“吃饭,吃饭!”
李敬生说着,用力咬了一口黑馍馍,高粱米做的馍,吃着感觉剌嗓子。
可对于黄土高原上,看天吃饭的农民来说,能吃饱就已经是非常难得了,哪里还敢奢求好坏。
自打开春,天上没掉几滴雨,地里的庄稼长势看着堪忧,再不下雨的话,接下来就得挑水浇地了,可附近就一个水洼子,几个村子的庄稼都指望那么一泡子水,够干啥的啊!
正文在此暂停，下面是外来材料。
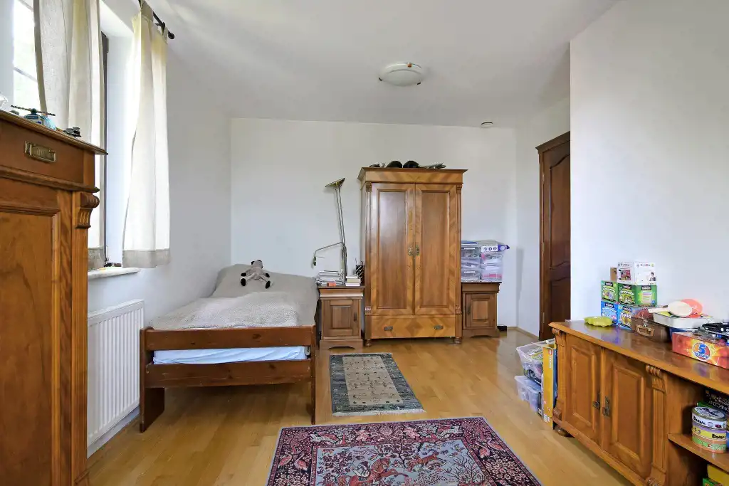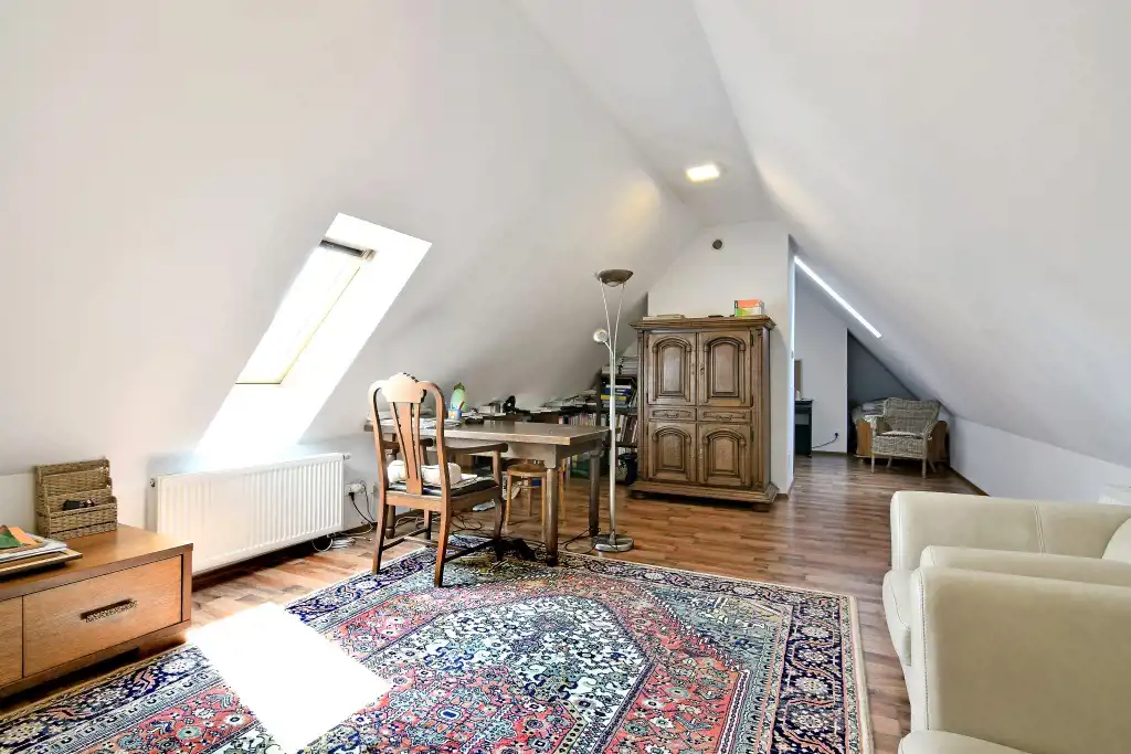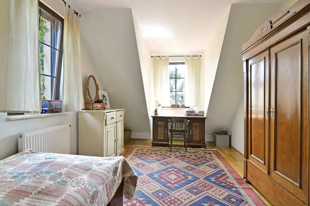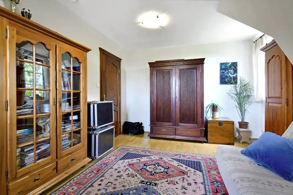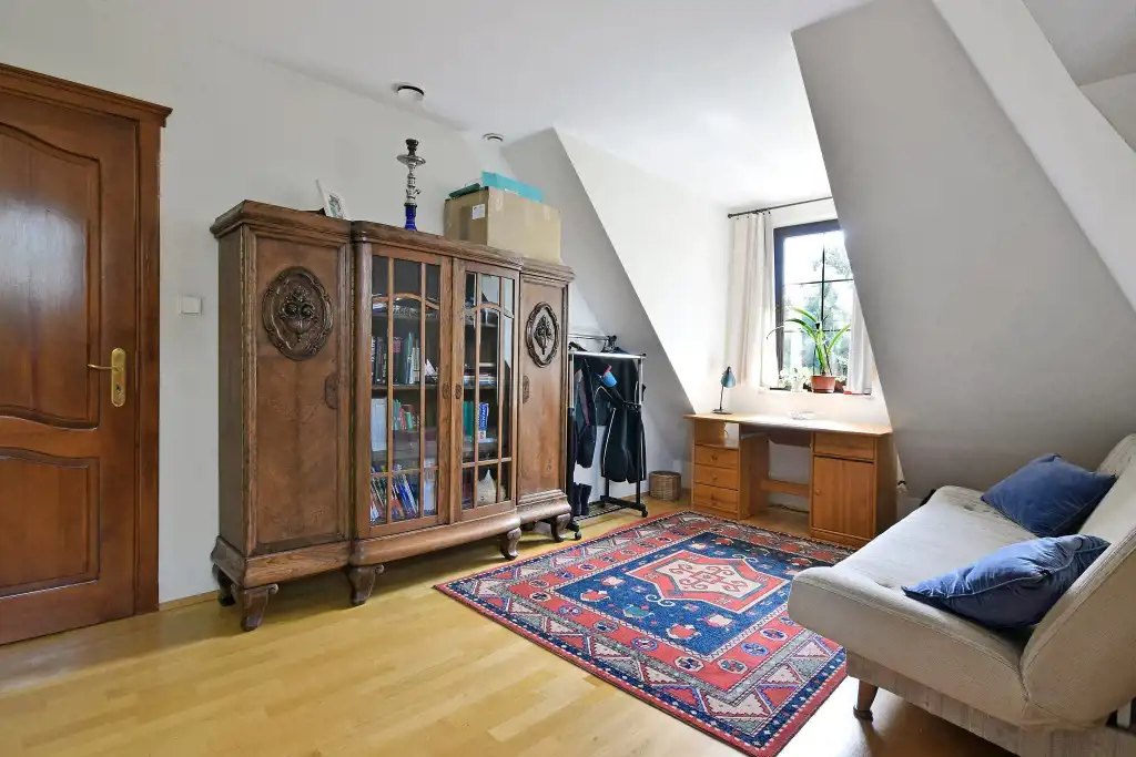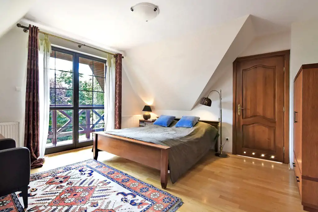 Na piętrze czekają cztery wygodne pokoje, w tym główna sypialnia o powierzchni 25 m², z prywatną garderobą, łazienką oraz balkonem z widokiem na zieleń. Przestronny pokój kąpielowy i wbudowane garderoby na korytarzu to kolejne atuty, które zapewniają codzienny komfort.
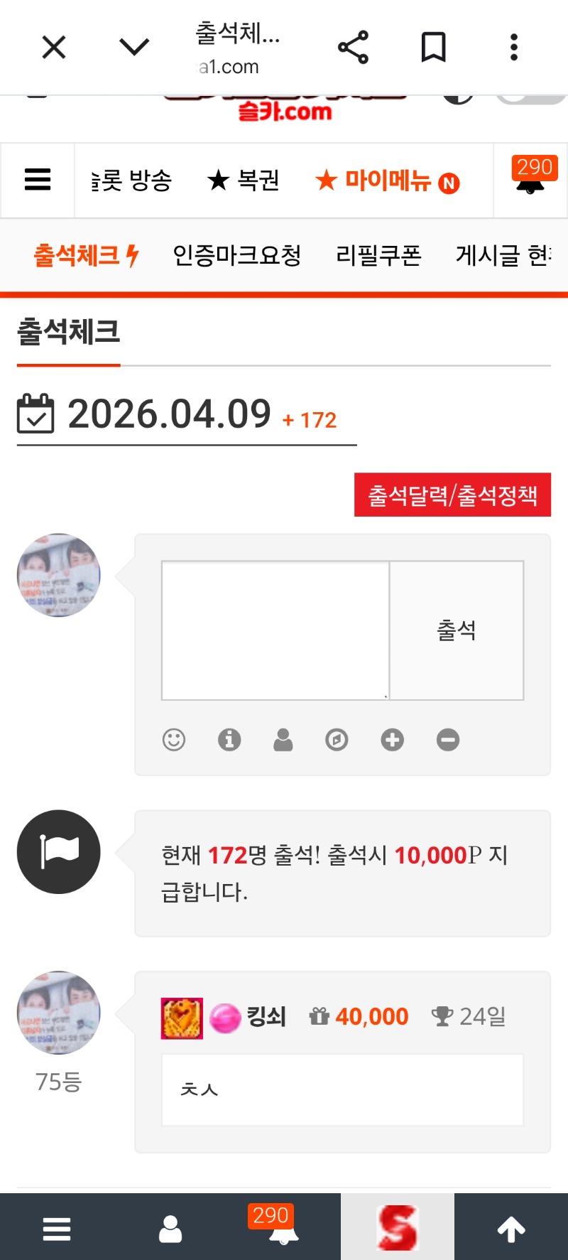 출석~~ 킹쇠 0 0 0 00:14:41 *기프티콘 바코드 노출 주의* <- 0 0 https://seulca1.com/bbs/board.php?bo_table=free&wr_id=3769216 Author 3 0 Lv.13 킹쇠 13 22,897,148 (97%) 킹쇠님 보유 포인트 : P 242,202 04.09 출석~~ 04.09 [비밀글] 배민쿠폰교환 +22 04.06 스보천 507 +9 04.06 스보천 226 +10 04.06 스보천 558

李敬生虽然年纪不大,只有二十出头,却担着村里生产队队长的职务,农业生产上的事,他是第一责任人,现在全村老百姓都等着他拿主意呢。
可他的心里,此刻却根本静不下来。
前些日子,在县城上学的弟弟敬安捎回来了一封信,是外出逃荒的大妹妹秀莲寄来的。
当初秀莲偷跑出去,把全家人差点儿急疯了,李敬生去县城找了两三天,也没有寻到秀莲的踪迹。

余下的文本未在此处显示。